As we explained here, the Biden Administration claimed that Congress granted it this power in the HEROES Act. In actuality, Congress passed the HEROES Act in the wake of the 9/11 attacks, and its purpose was to ensure that the “[h]undreds of thousands of Army, Air Force, Marine Corps, Navy, and Coast Guard reservists and members of the National Guard [who] ha[d] been called to active duty or active service” would not be “placed in a worse position financially” in relation to their student loans because of their military service.

In addition to ignoring the HEROES Act’s clear limited purpose to benefit members of the military serving in the war on terror, the Biden Administration has now perverted this legislation by attempting to shoehorn COVID-19 into the HEROES Act’s use of the term “national emergency.” Remember, the Biden Administration was quick to discard COVID-19 as a national emergency when it wanted to allow illegal immigrants to flood our southern border. Political expediency should not determine when the President labels something a national emergency.

Numerous states and private plaintiffs challenged the program in federal court, and a federal district court held that the program was unconstitutional. The case is now before the Supreme Court of the United States. Oral argument will be held on February 28.

The ACLJ’s amicus brief argues that the best evidence that Congress retained the power to address student loan indebtedness and did not delegate its power to the Department of Education is Congress’ extensive legislative activity on the issue. During Biden’s presidency, Members of Congress introduced numerous bills addressing student loan indebtedness . . . but Congress never passed a single bill.

We pointed out in our brief: “It should be axiomatic that when Congress considers multiple bills addressing a major national policy, it is because Congress retained its power to do so, has not yet chosen to exercise that power, and did not somehow forget that it had delegated that power to the Executive Branch.”

The brief also argued that nothing in the HEROES Act supports the Secretary of Education’s claim that Congress delegated legislative power over an en masse student loan forgiveness program: “The Secretary’s broad reading of ‘national emergency’ . . . stuffs the proverbial elephant into the mousehole by detaching [the term] from the HEROES Act’s limited purpose.” As noted above, the original intent was to help service members serving in the war on terror, which the Secretary of Education completely ignored.

We conclude in our brief that the unconstitutional program threatens the separation of powers because a major national policy is being set by the politically unaccountable administrative state rather than by Congress, which answers to the people.

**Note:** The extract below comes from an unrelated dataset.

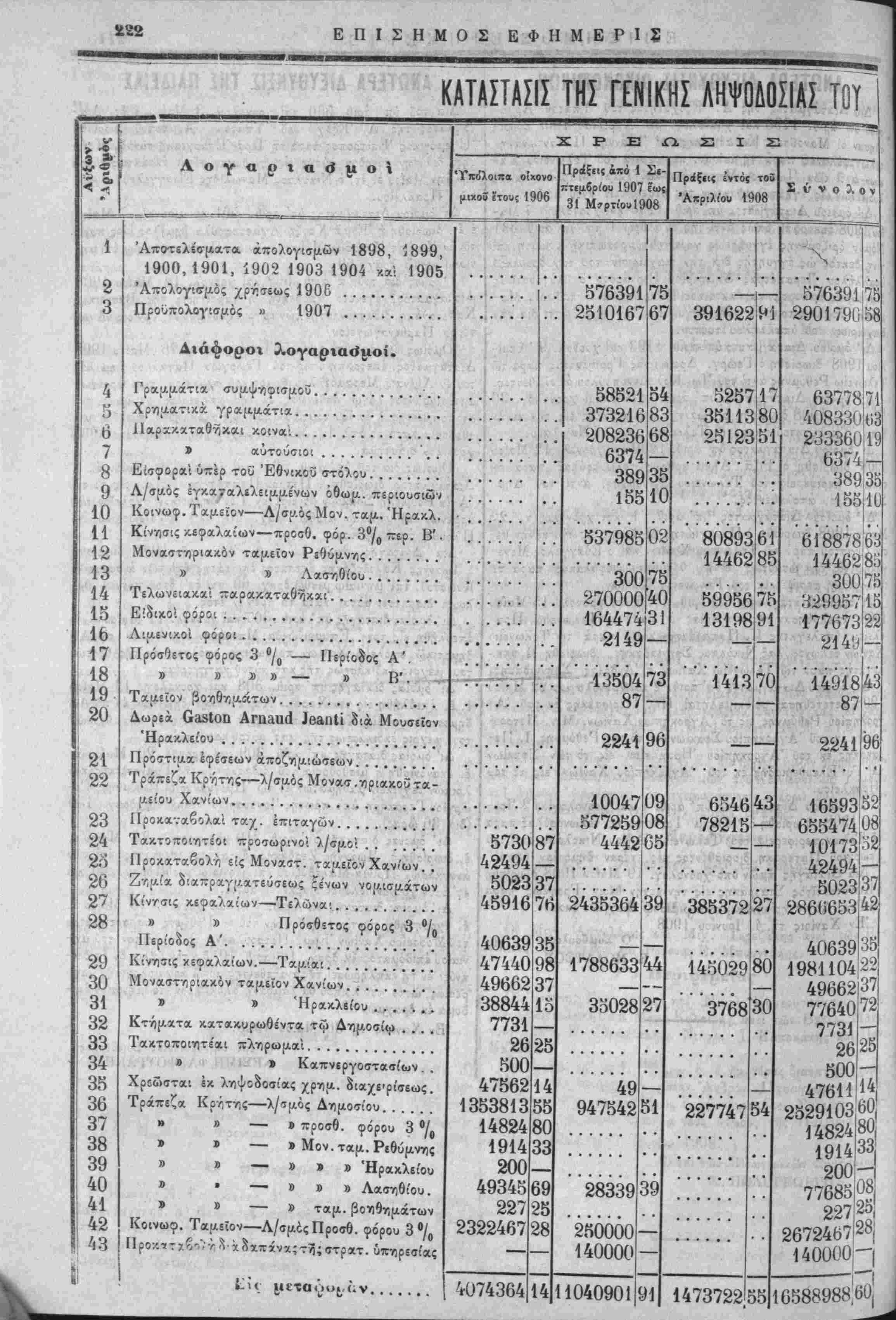 ι < 253060 — 83421 — 113365 53 449846 53 297168 03 74701456 Έν Χανίοις τγ 30 Απο],λιρυ 1908 Γ ♦ ■. ι- -ι γ» ·ϊ γ ν ■? ν ι,, · Εί (Έκ τοθ Γενικοΰ »€'» ^

“Money is the instrument of policy and policy affects the lives of citizens. The individual loses liberty in a real sense if that instrument is not subject to traditional constitutional constraints.” Clinton v. City of New York, 524 U.S. 417, 451 (1998) (Kennedy, J., concurring). Congressionally unauthorized administrative mandates with nationwide scope and multi-billion-dollar price tags rend the fabric of separation of powers and threaten the liberty of all citizens.

We must preserve the system of checks and balances that our Founding Fathers instituted. The President cannot unilaterally disperse money at will for political gain. The ACLJ will continue to fight to keep the checks and balances of our nation in place and hold those accountable who attempt to usurp too much authority.